§ WORK REQUEST: Since the records include pictures, leave those out while you reproduce exactly and only the lines from the one containing "Circa 1976 old" through the one containing "Young african american", inclusive.

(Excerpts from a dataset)
----------------------------------------
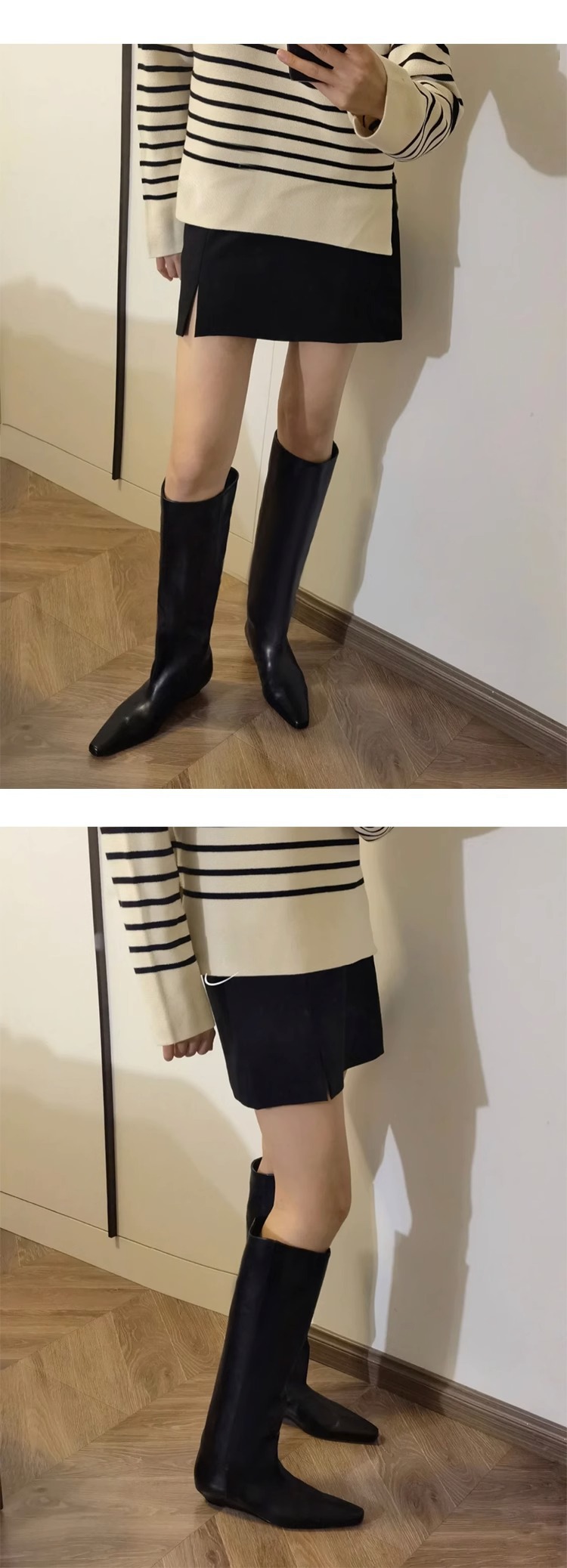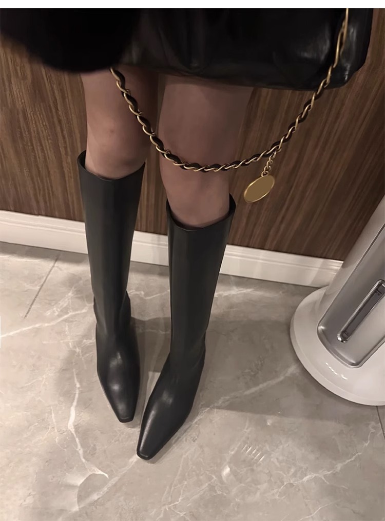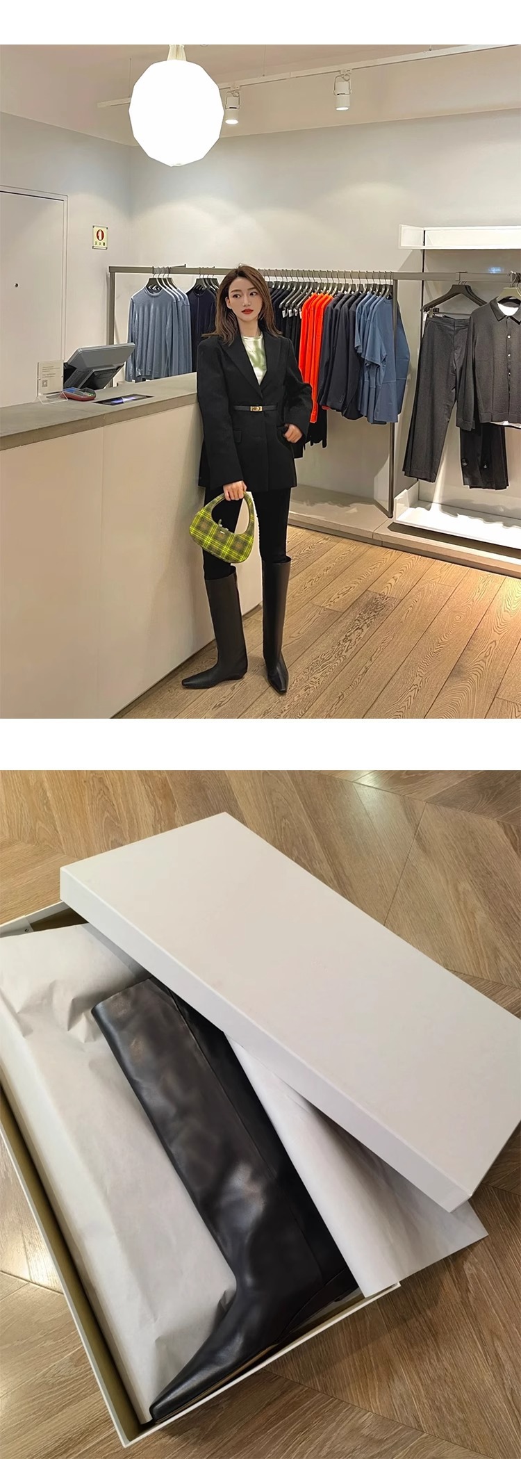 Cowhide 버전 ~ 통통녀 정품 가죽 뾰족한 복고풍 하이 탑 나이트 부츠 여성용 청키 힐 가죽 힐 슬리밍 무릎 길이 부츠스토어 가기
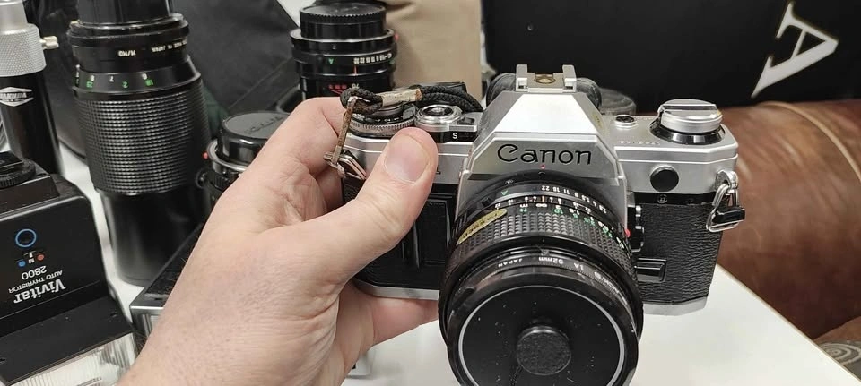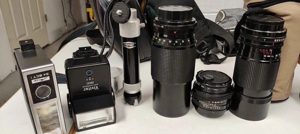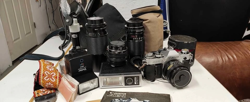Circa 1976 old school single lens reflex film camera. Comes with 4 lenses (3 Canon, 1 Vivitar), 2 flashes, multiple carrying cases, original manuals, and a mini tripod. Feel free to message if you have any questions!
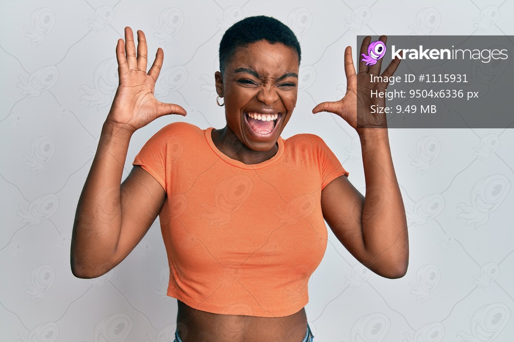 Young african american woman wearing casual orange t shirt celebrating mad and crazy for success with arms raised and closed eyes screaming excited. winner concept - Kraken Images
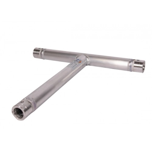Sweettruss KV1/050-T36V 1-Punkt T-Stück, gefertigt aus 50 x 2 mm Tragrohr. Das 1-Punkt Aluminium-T-Stück findet aufgrund seiner leichten und optisch ansprechenden Bauweise Verwendung auf kleinen Bühnen, sowie im Werbe- und Architekturbereich. Das T-Stück wird über konische Verbindungselemente und Kegelstifte mit den Traversen verbunden.
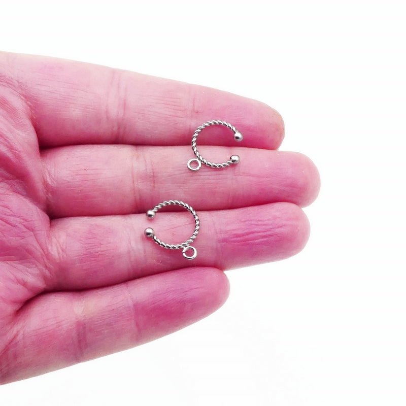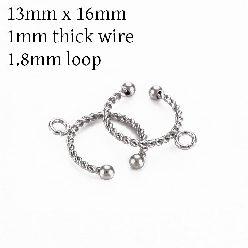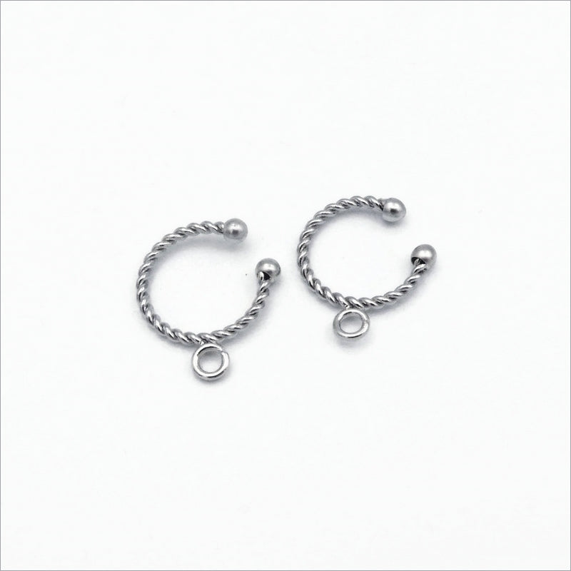 A simple earring cuff made from twisted stainless steel wire that is capped at each end, with a soldered loop for attaching additional components.
----------------------------------------
§ OUTPUT BELOW:
Circa 1976 old school single lens reflex film camera. Comes with 4 lenses (3 Canon, 1 Vivitar), 2 flashes, multiple carrying cases, original manuals, and a mini tripod. Feel free to message if you have any questions!
 Young african american woman wearing casual orange t shirt celebrating mad and crazy for success with arms raised and closed eyes screaming excited. winner concept - Kraken Images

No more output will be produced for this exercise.